=== Stored data ===

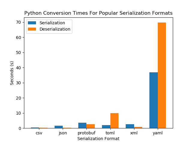 Being the only binary, non-human readable format that was compared, it’s with no surprise that protobuf is the most concise format. Closely behind protobuf was CSV. Because CSV does not support irregular, non-flat data structures, it only requires a value delimiter (e.g. ,) and end of line character (e.g. \n).
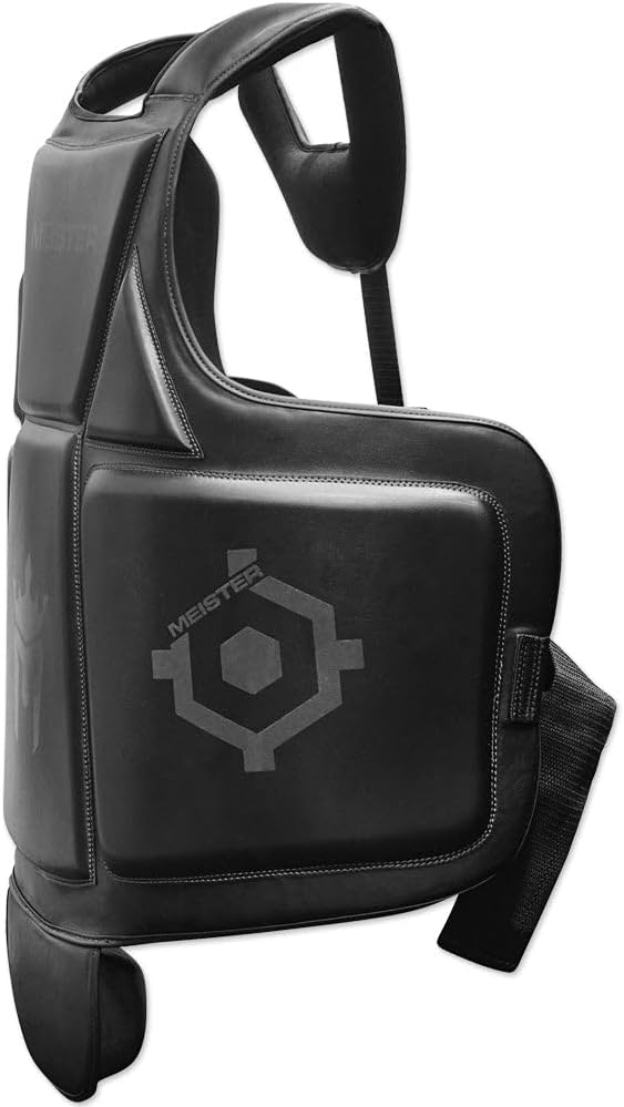 The Meister Body Armor Chest Guard is designed with four layers of 3.5″ thick open-cell and closed-cell foam to absorb strikes like no other. Even with full chest, torso, oblique and coverage, Body Armor still allows excellent mobility during training.
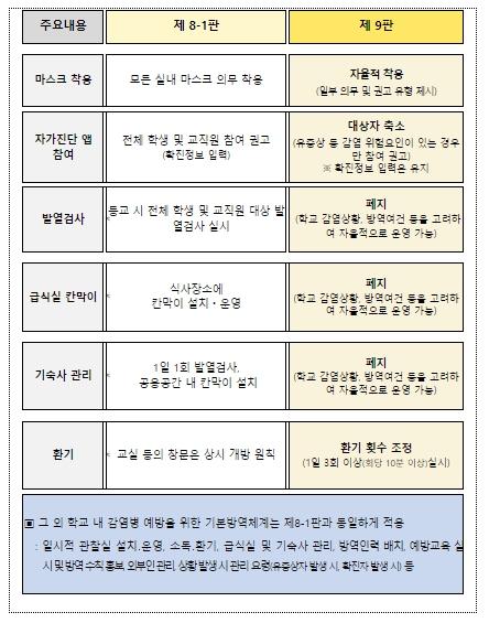 이번 방안은 2023년 새 학기를 맞아, 학생ㆍ학부모와 학교 현장의 방역부담을 줄이면서, 교육활동 정상화 등 온전한 일상 회복에 더 가까이 갈 수 있도록 학교 방역체계를 보완했다.
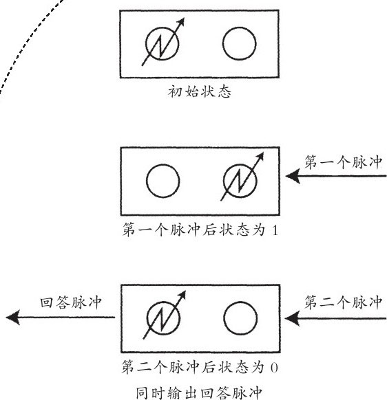 有一种电子装置叫做触发器,主要由两个电子管组成,就跟收音机里的电子管差不多。通过触发器的电流必定会通过其中的一个电子管,可能是左边的,也可能是右边的。触发器里有两个接触点,用来输出触发器的回答脉冲。在外面输入脉冲的瞬间,触发器就会立刻进行“翻转”,此时,原来导通的电子管变成闭合状态,电流转而进入另一个电子管。当右边电子管闭合、左边电子管导通的时候,触发器就会瞬间输出回答脉冲。

===

_Aim of the task_
Pictures are to be omitted; otherwise, write out the data exactly as it appears.

_Solution_
 Being the only binary, non-human readable format that was compared, it’s with no surprise that protobuf is the most concise format. Closely behind protobuf was CSV. Because CSV does not support irregular, non-flat data structures, it only requires a value delimiter (e.g. ,) and end of line character (e.g. \n).
 The Meister Body Armor Chest Guard is designed with four layers of 3.5″ thick open-cell and closed-cell foam to absorb strikes like no other. Even with full chest, torso, oblique and coverage, Body Armor still allows excellent mobility during training.
 이번 방안은 2023년 새 학기를 맞아, 학생ㆍ학부모와 학교 현장의 방역부담을 줄이면서, 교육활동 정상화 등 온전한 일상 회복에 더 가까이 갈 수 있도록 학교 방역체계를 보완했다.
 有一种电子装置叫做触发器,主要由两个电子管组成,就跟收音机里的电子管差不多。通过触发器的电流必定会通过其中的一个电子管,可能是左边的,也可能是右边的。触发器里有两个接触点,用来输出触发器的回答脉冲。在外面输入脉冲的瞬间,触发器就会立刻进行“翻转”,此时,原来导通的电子管变成闭合状态,电流转而进入另一个电子管。当右边电子管闭合、左边电子管导通的时候,触发器就会瞬间输出回答脉冲。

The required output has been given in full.